Determine QC thresholds

cd ~/Downloads/RNAseq
mkdir QC

Script: QCthresholds.r

Thresholds were chosen based on violin plots of the data before QC

Wd: ~/Downloads/RNAseq/QC

Input:

Data directory for each mouse, ie ~/Downloads/RNAseq/data/memonet_data/data_download/slPsiwmg_JB_262_1_2_3/filtered_feature_bc_matrix/

Output:

ctrl_without_cutoff.png: violin plots of the 3 control mice before QC
QC_ctrl.png: violin plots of the 3 control mice after QC
train_without_cutoff.png
QC_train.png

The number of cells removed with each filter step are given with filterSteps.r

Input:

MEMONET dataset: ~/Downloads/RNAseq/data/memonet_data/combined_cellranger_no-normalization/outs/filtered_feature_bc_matrix/

Output:

Numbers are output on R console

Map MEMONET data onto AIBS dataset ("OA mapping")

cd ~/Downloads/RNAseq
mkdir AIBSmapping
cd AIBSmapping
mkdir OA test
  # 'OA' refers to Our (MEMONET) data mapped to AIBS data
cd OA
mkdir barcode_files count_matrices

Script: mapping_OA.r

Wd: ~/Downloads/RNAseq/AIBSmapping/OA

Query: MEMONET data

Reference: AIBS data

Input:

10X directory of all mice combined: ~/Downloads/RNAseq/data/memonet_data/combined_cellranger_no-normalization/outs/filtered_feature_bc_matrix/
AIBS dataset. The three files here: ~/Downloads/RNAseq/data/AIBS_data

Output:

prediction_scores.csv: lists each cell, the predicted cell type label, and prediction scores for each cell type
umap_AIBS_subclassLabelLegend.png: umap of the reference (AIBS data) with cell type subclass labels
umap_MEMONET_subclassLabelLegend.png: umap of the query (MEMONET data) projected onto AIBS space, labeled with the predicted labels

Test the accuracy of mapping on AIBS data

1. Generate a test dataset (downsample to 25% of each cell type; remove sample cells from rest of reference) and perform label transfer from the remaining 75% of data. Do this 100 times.

Query: 25% of AIBS data

Reference: remaining 75% of AIBS data

Script: mapping_test1.r

Wd: ~/Downloads/RNAseq/AIBSmapping/test

Input:

AIBS dataset. The three files here: RNAseq/data/AIBS_data

Output:

100 prediction_scores_*.csv files

2. Combine the 100 prediction score files into one file

Script: mapping_test2.r

Wd: ~/Downloads/RNAseq/AIBSmapping/test

Input:

100 prediction_scores_*.csv files

Output:

prediction_cutoff.csv

3. Summarize results: calculate false classification percentage, generate confusion matrix, compare mean and median scores of the test and OA mapping

Script: mapping_test3.r

Wd: ~/Downloads/RNAseq/AIBSmapping/test

Input:

~/Downloads/RNAseq/AIBSmapping/test/prediction_cutoff.csv
~/Downloads/RNAseq/AIBSmapping/OA/prediction_scores.csv

Output:

AIBStest_confusionMtx.png: heatmap of original cell type labels vs predicted labels for AIBS testing
maxPredictionScores-AIBStest_and_OA.csv: table of mean and median prediction.score.max for AIBS testing and OA mapping; shows calculation for all celltypes and subset for L2/3 cells

Determine a L2/3 mapping reliability cutoff

Each MEMONET cell gets a prediction score for each cell type in the AIBS dataset; all scores add up to 1. The cell type with the largest score becomes that cell's predicted cell type.
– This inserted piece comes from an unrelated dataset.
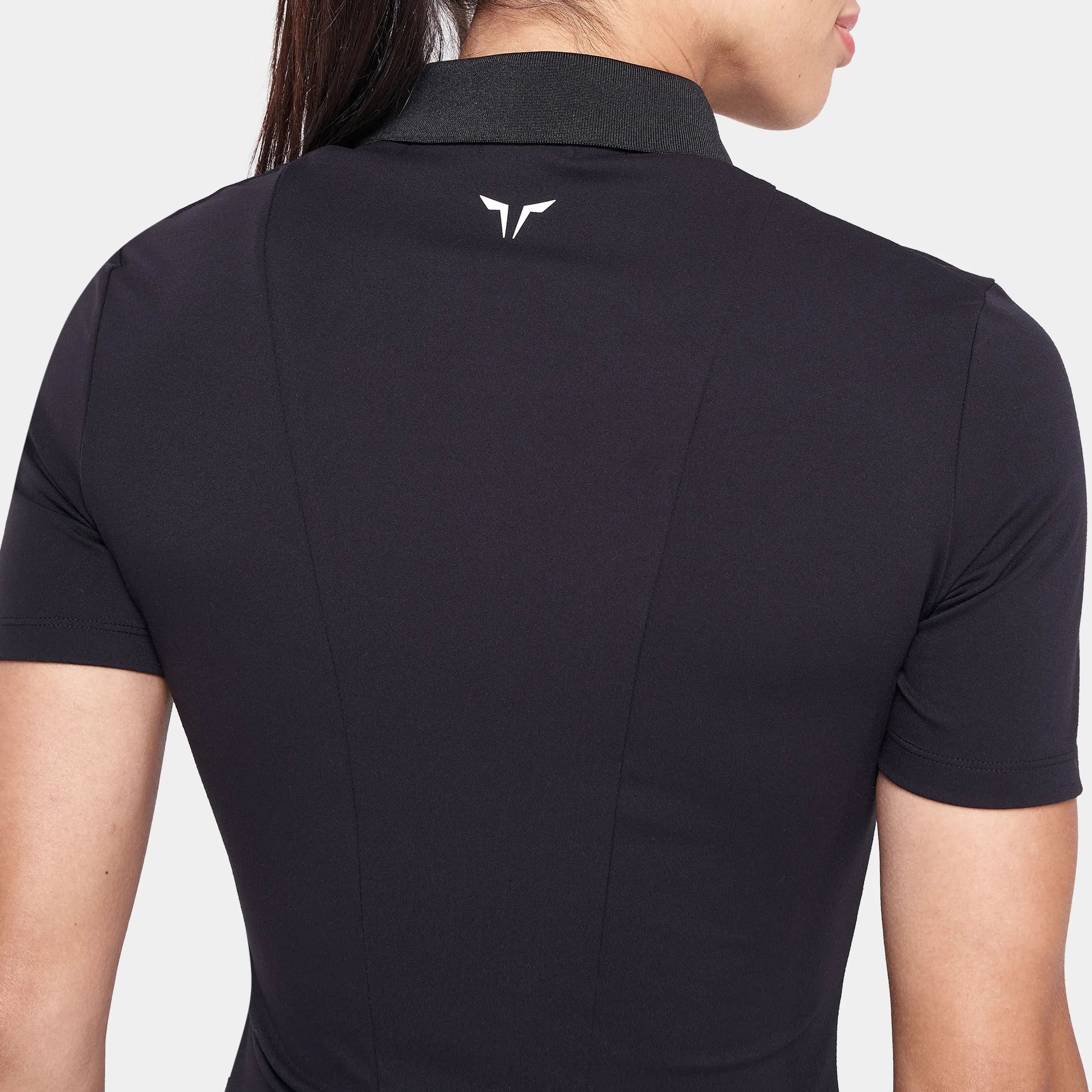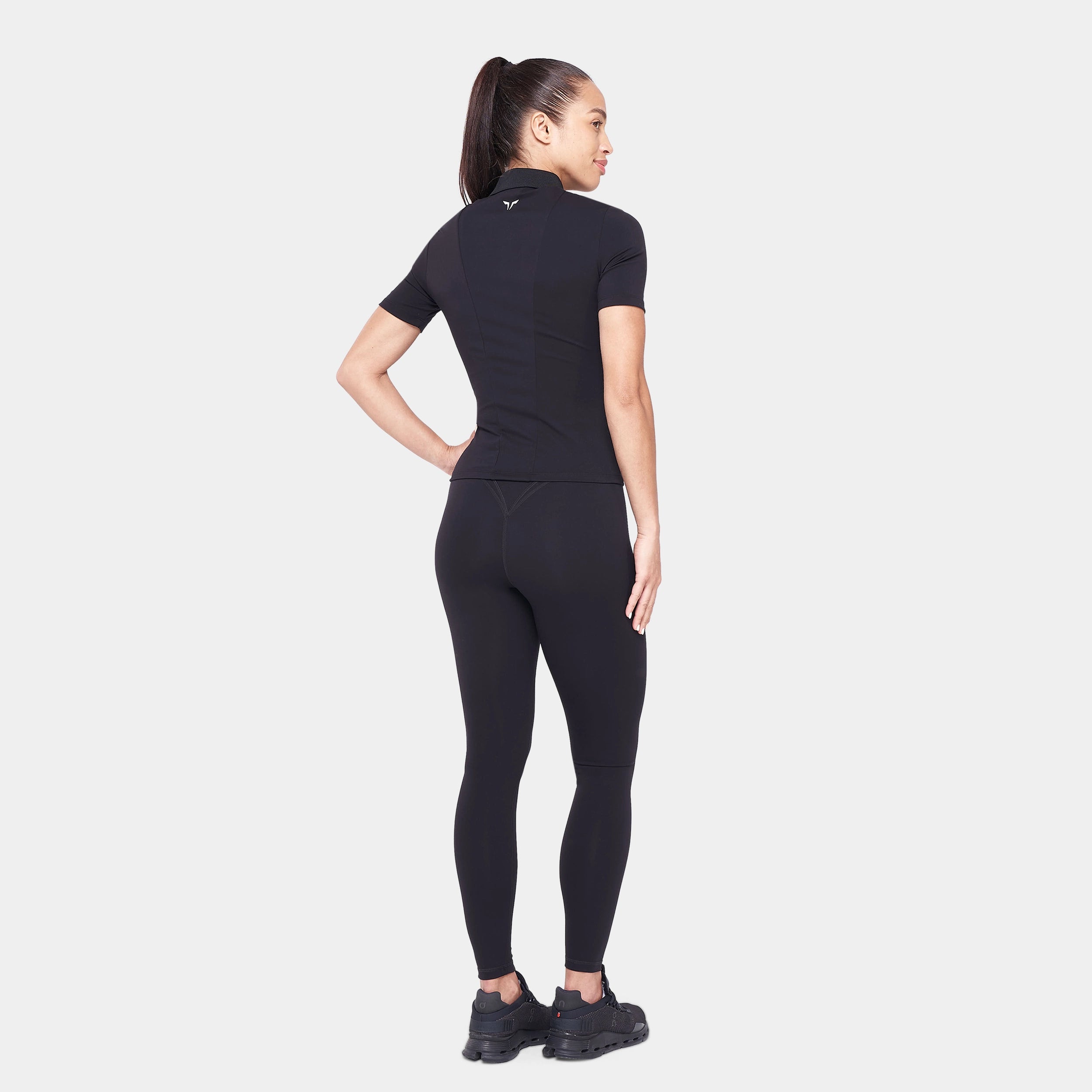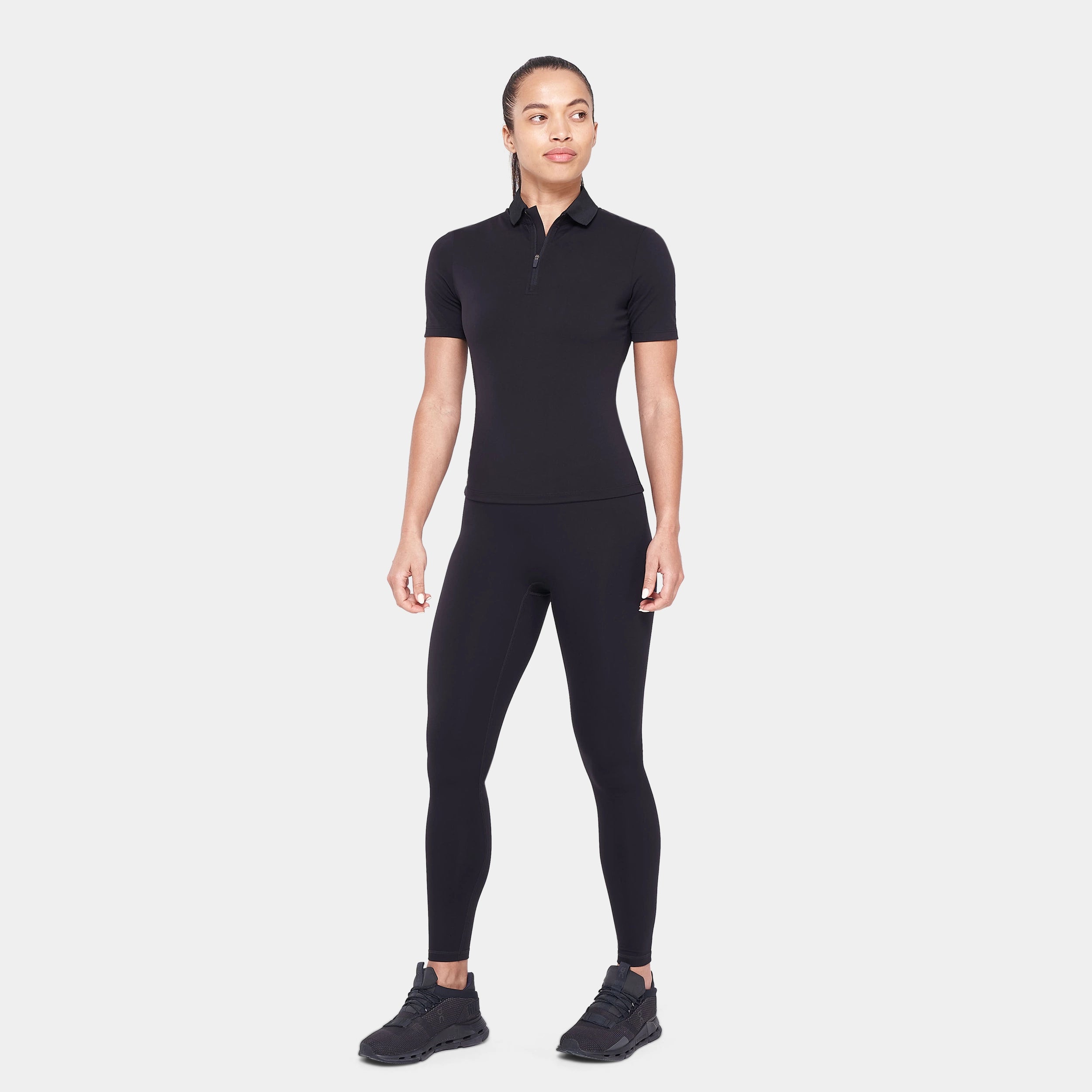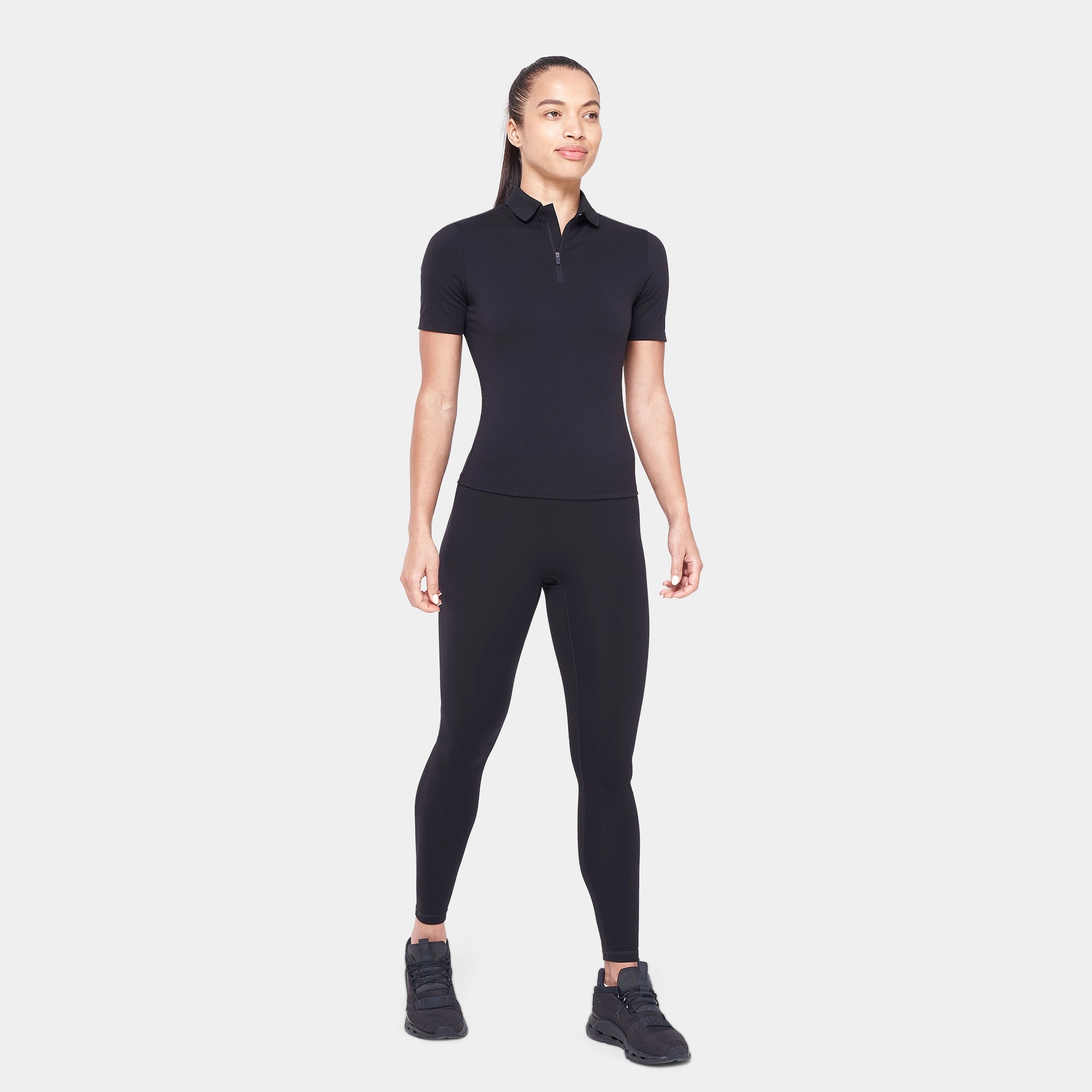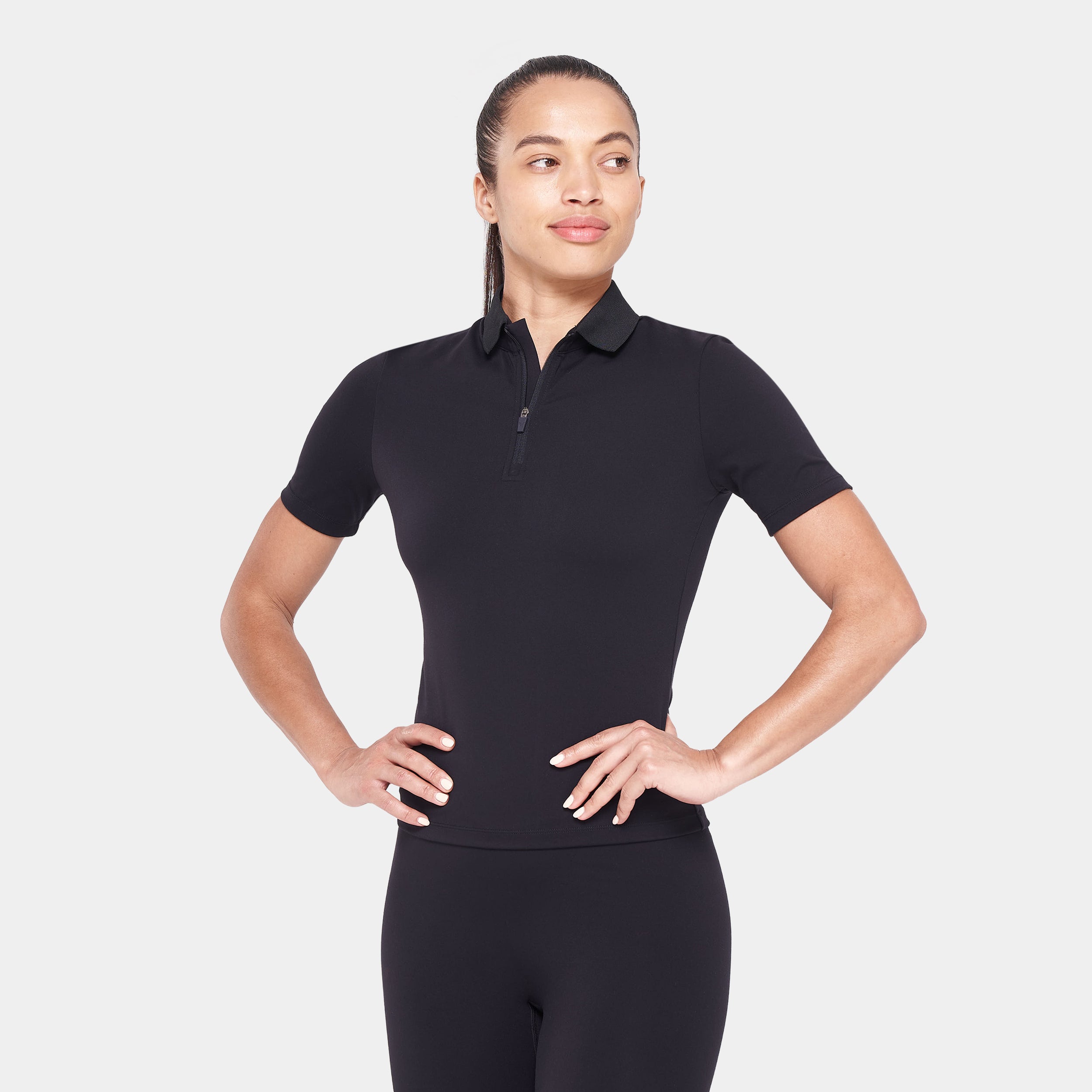 Ultra comfortable Soft brushed hand feel 4-way stretch High hip Ribbed collar with quarter zip closure Set in short sleeve Backward shoulder seams Back panel detailing Athletic fit Model Wearing Small: Height 5'8" / 173 cm // Bust: 35" // Waist: 27.5" // Hips: 40"

To ensure we analyze only L2/3 neurons, we want to remove cells with low reliability for being labeled as L2/3. Reliability is calculated as the sum of prediction scores for L2/3 IT_1, L2/3 IT_2, and L2/3 IT_3.

Generate lists of barcodes remaining at each cutoff value

Script: prediction_score_cutoff_barcodes.r

This script generates barcode lists for various prediction score cutoff values (0 to 0.5). Wd: ~/Downloads/RNAseq/AIBSmapping/OA/barcode_files/

Input:

~/Downloads/RNAseq/AIBSmapping/OA/prediction_scores.csv

Output:

One file for each cutoff, listing the cell barcodes remaining: L23barcodes-fromAIBS_*.csv

Calculate normalized counts for the L2/3 cells

Script: DESCnormalization.r

Wd: ~/Downloads/RNAseq/AIBSmapping/OA/count_matrices

Set the 'cutoff' variable to '0' so that all cells predicted to be L2/3 are kept for normalization.

Input:

Barcode file for all predicted L2/3 cells: ~/Downloads/memonet/prediction_score_cutoff_barcodes/L23barcodes-fromAIBS_0.csv

Output:

DESCnormalized_counts_L23_0.csv

Determine proper cutoff based on marker gene expression

Script: celltype_contaminants.r

This script calculates the mean expression of L2/3 marker genes (Cux2, Otof, Rtn4rl1, Slc30a3, Cacna2d3) and glial marker (Mertk) for the cells that are removed at each cutoff. We want to choose a cutoff that removes cells with low values of L2/3 markers but high values of Mertk, to ensure that mostly glial cells are removed.

Wd: ~/Downloads/RNAseq/AIBSmapping/OA/barcode_files/

Input:

Barcode files for each cutoff: ~/Downloads/RNAseq/AIBSmapping/OA/barcode_files/L23barcodes-fromAIBS_*.csv
Normalized expression: ~/Downloads/RNAseq/AIBSmapping/OA/count_matrices/DESCnormalized_counts_L23_0.csv

Output:

markerGeneExp_predictionCutoffs.csv: table listing the average expression of each marker gene for each cutoff.

We chose a cutoff value of 0.3, as it has the highest mean expression of Mertk while having low expression of L2/3 markers. Any cell that was predicted to be L2/3 and has a sum of prediction scores for L2/3 IT_1, L2/3 IT_2, L2/3 IT_3 <= 0.3 will not be included in downstream analysis.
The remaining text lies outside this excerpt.